**Work item**: Whenever an image turns up, omit it and return the remaining data exactly.

BEGIN Data provided

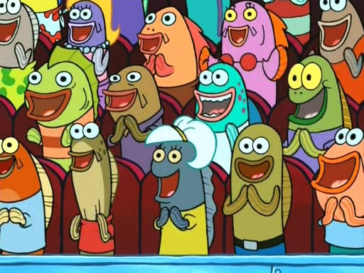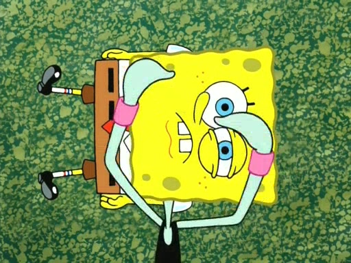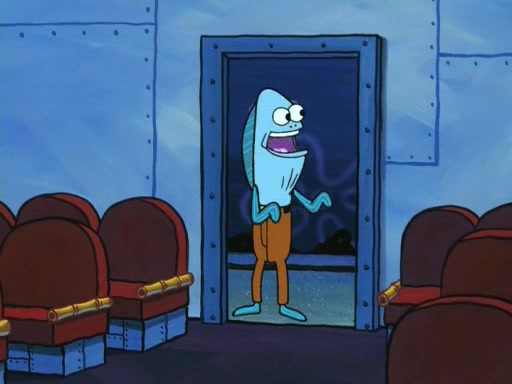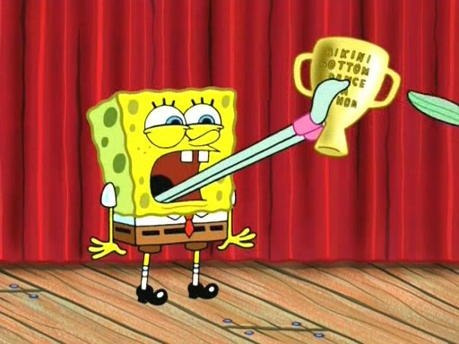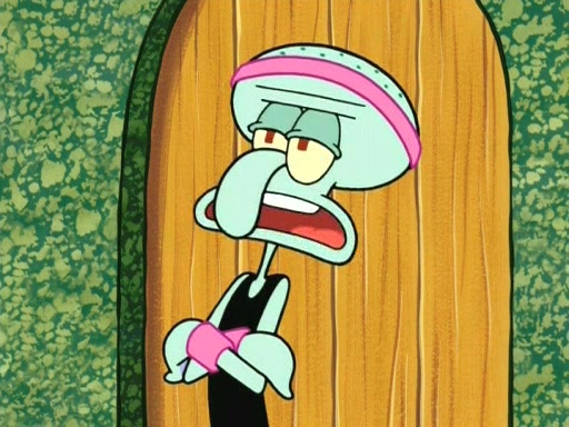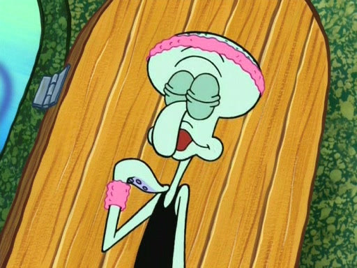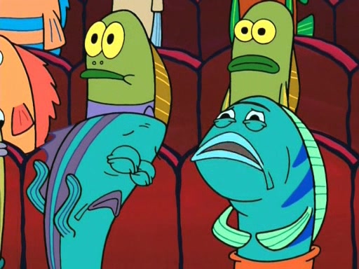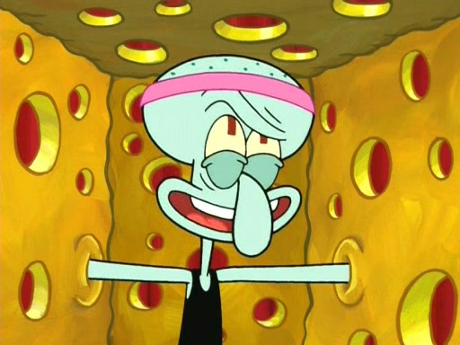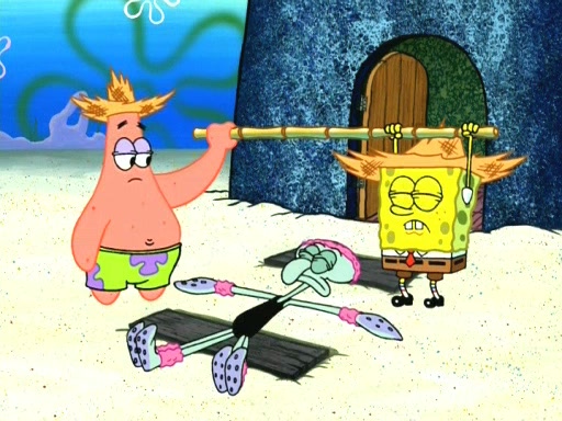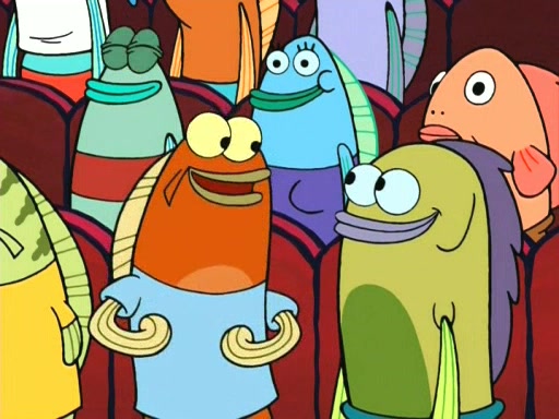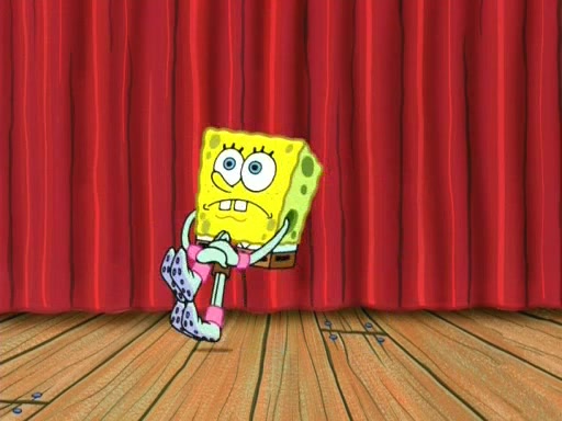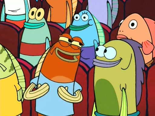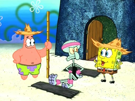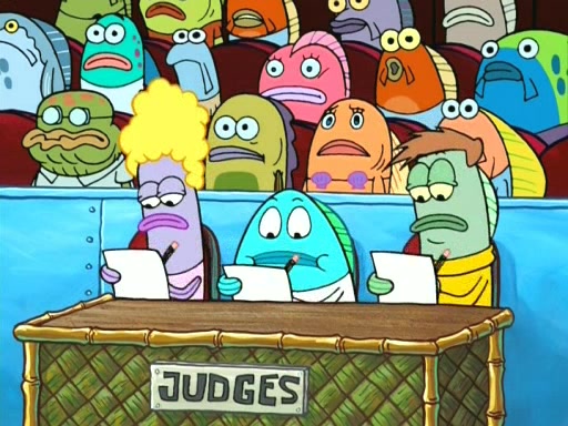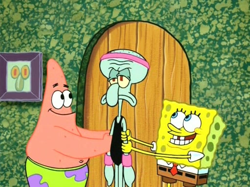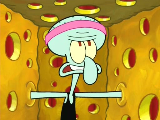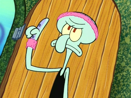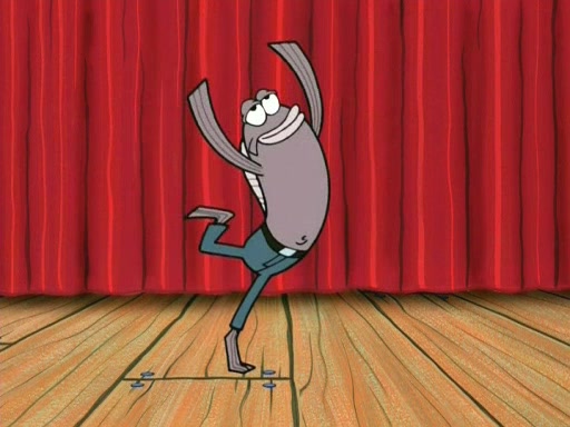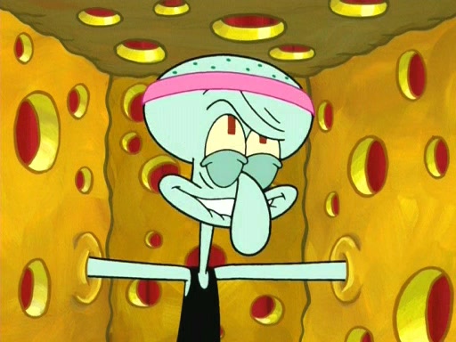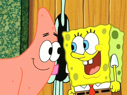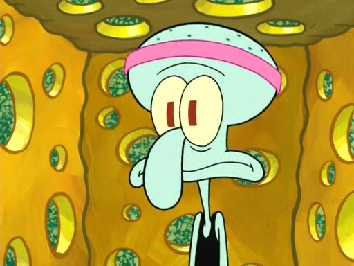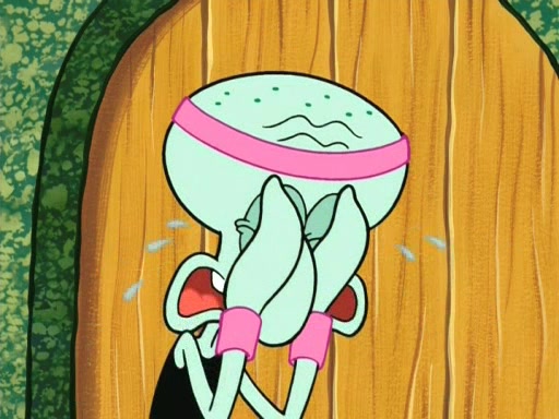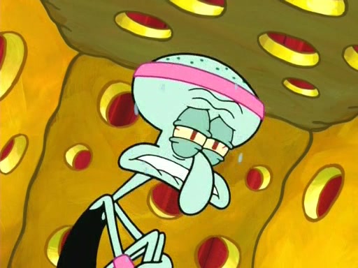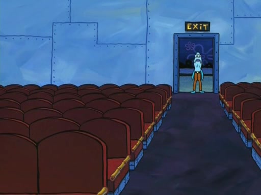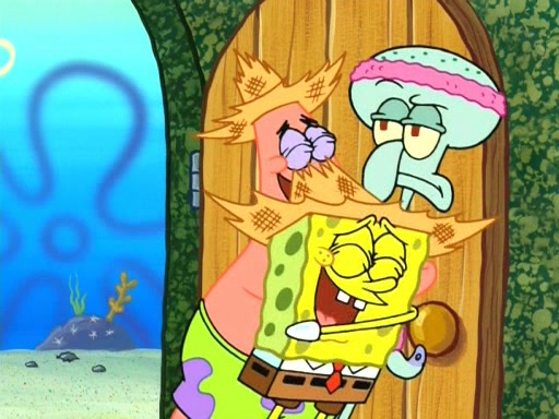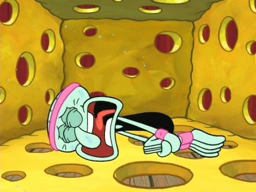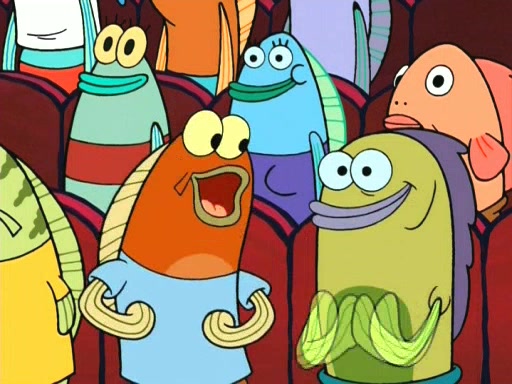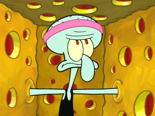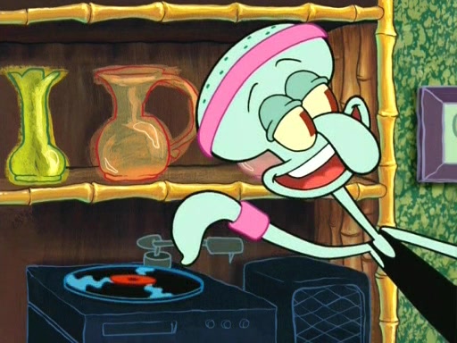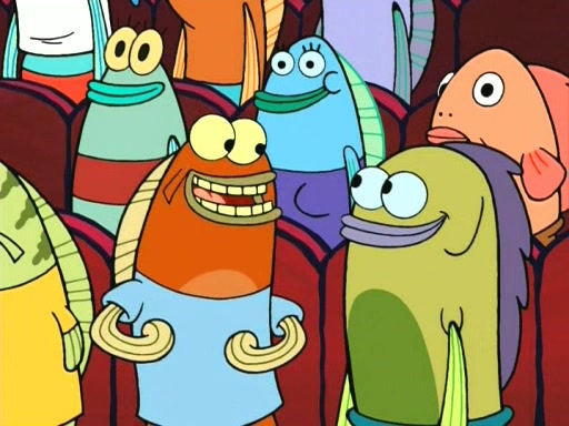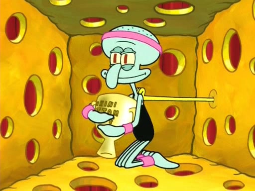 On the night of the big competition, lots of people come, as well as a coin dancer who wows the crowd and ends with a high rating. SpongeBob thinks he can't compete against that, but Squidward thinks different. When SpongeBob's up, Squidward dances, but the crowd is not enjoying it. Soon, Squidward gets a cramp in some of his tentacles, causing him to scream in pain and hold it whilst hopping around. Soon, the crowd leaves, and Fred is the last to leave. But after catching a glimpse of Squidward reacting to his cramp, he begins to call the crowd back. It isn't long before Squidward has to pull up his knee. And it isn't long when Squidward's remaining tentacles get cramped too, causing Squidward to pull that knee up too, and hold them in pain, causing SpongeBob with no arms or legs, to fall over. The crowd actually applauds at the end, which leads to SpongeBob and Squidward the trophy. SpongeBob pops out his arms and legs and begins to take the trophy, but Squidward beats him to it, causing him to have to swallow the trophy to get to Squidward. SpongeBob then says he couldn't have done it without Squidward, and pulls Squidward out of him, revealing that partnered dancers are disqualified. The trophy is confiscated from Squidward, and it turns out that literally everyone was partnered, even the coin dancer (he had someone named Pedro hidden in his hair, and he had something that popped out coins). The only individual dancer in the contest is number 52, which is indeed Patrick who also got a real cramp like Squidward did, winning him the trophy. SpongeBob says he is impressed with Patrick's new dance, whence Patrick screams before saying "Thanks."
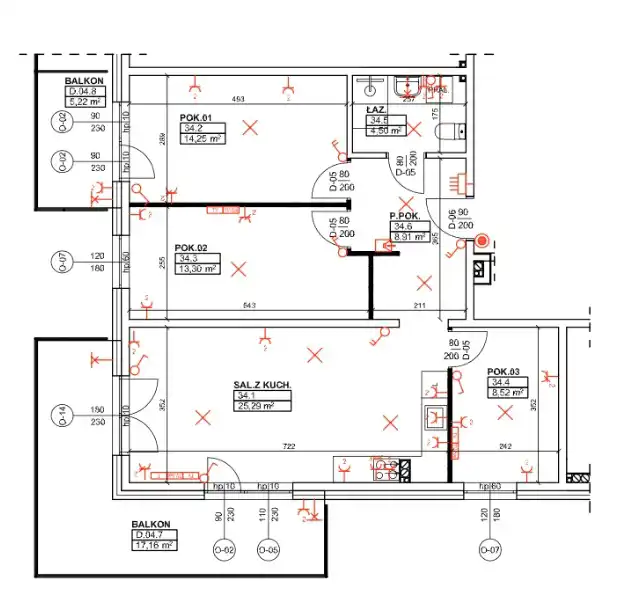 – 2 balkony o łącznej powierzchni 22,38 m²
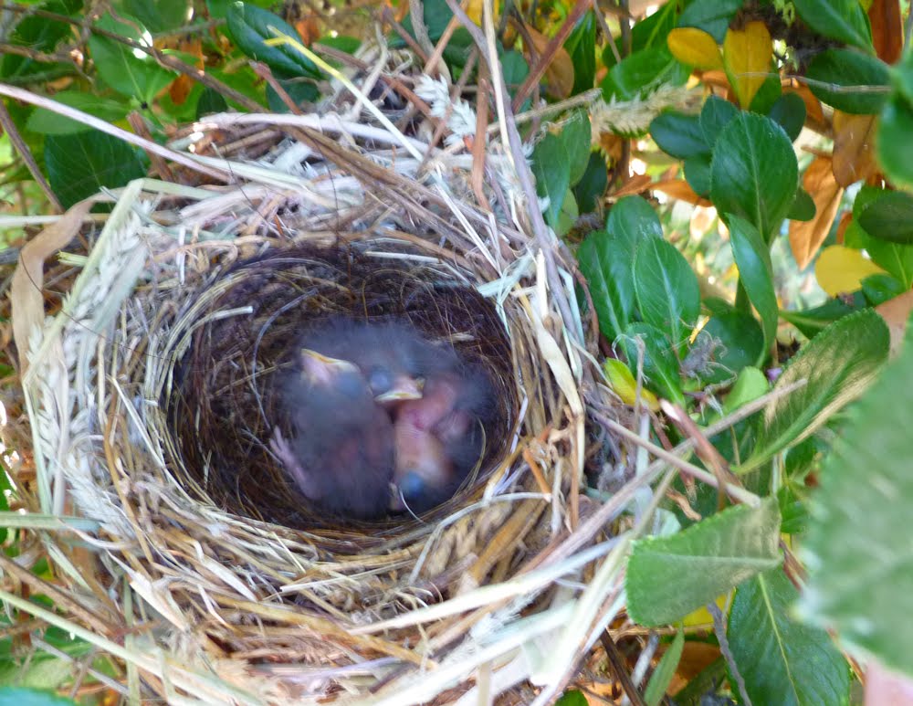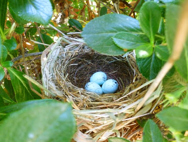 Jeff was out in the yard this afternoon and discovered a beautiful nest of eggs in the boxwood shrubs. He came to my studio window and told me to grab my camera. With mother bird on watch on a nearby branch, I shot a sweet photo of her babies-to-be.

END Data provided

**Solution to the problem**:
 On the night of the big competition, lots of people come, as well as a coin dancer who wows the crowd and ends with a high rating. SpongeBob thinks he can't compete against that, but Squidward thinks different. When SpongeBob's up, Squidward dances, but the crowd is not enjoying it. Soon, Squidward gets a cramp in some of his tentacles, causing him to scream in pain and hold it whilst hopping around. Soon, the crowd leaves, and Fred is the last to leave. But after catching a glimpse of Squidward reacting to his cramp, he begins to call the crowd back. It isn't long before Squidward has to pull up his knee. And it isn't long when Squidward's remaining tentacles get cramped too, causing Squidward to pull that knee up too, and hold them in pain, causing SpongeBob with no arms or legs, to fall over. The crowd actually applauds at the end, which leads to SpongeBob and Squidward the trophy. SpongeBob pops out his arms and legs and begins to take the trophy, but Squidward beats him to it, causing him to have to swallow the trophy to get to Squidward. SpongeBob then says he couldn't have done it without Squidward, and pulls Squidward out of him, revealing that partnered dancers are disqualified. The trophy is confiscated from Squidward, and it turns out that literally everyone was partnered, even the coin dancer (he had someone named Pedro hidden in his hair, and he had something that popped out coins). The only individual dancer in the contest is number 52, which is indeed Patrick who also got a real cramp like Squidward did, winning him the trophy. SpongeBob says he is impressed with Patrick's new dance, whence Patrick screams before saying "Thanks."
 – 2 balkony o łącznej powierzchni 22,38 m²
 Jeff was out in the yard this afternoon and discovered a beautiful nest of eggs in the boxwood shrubs. He came to my studio window and told me to grab my camera. With mother bird on watch on a nearby branch, I shot a sweet photo of her babies-to-be.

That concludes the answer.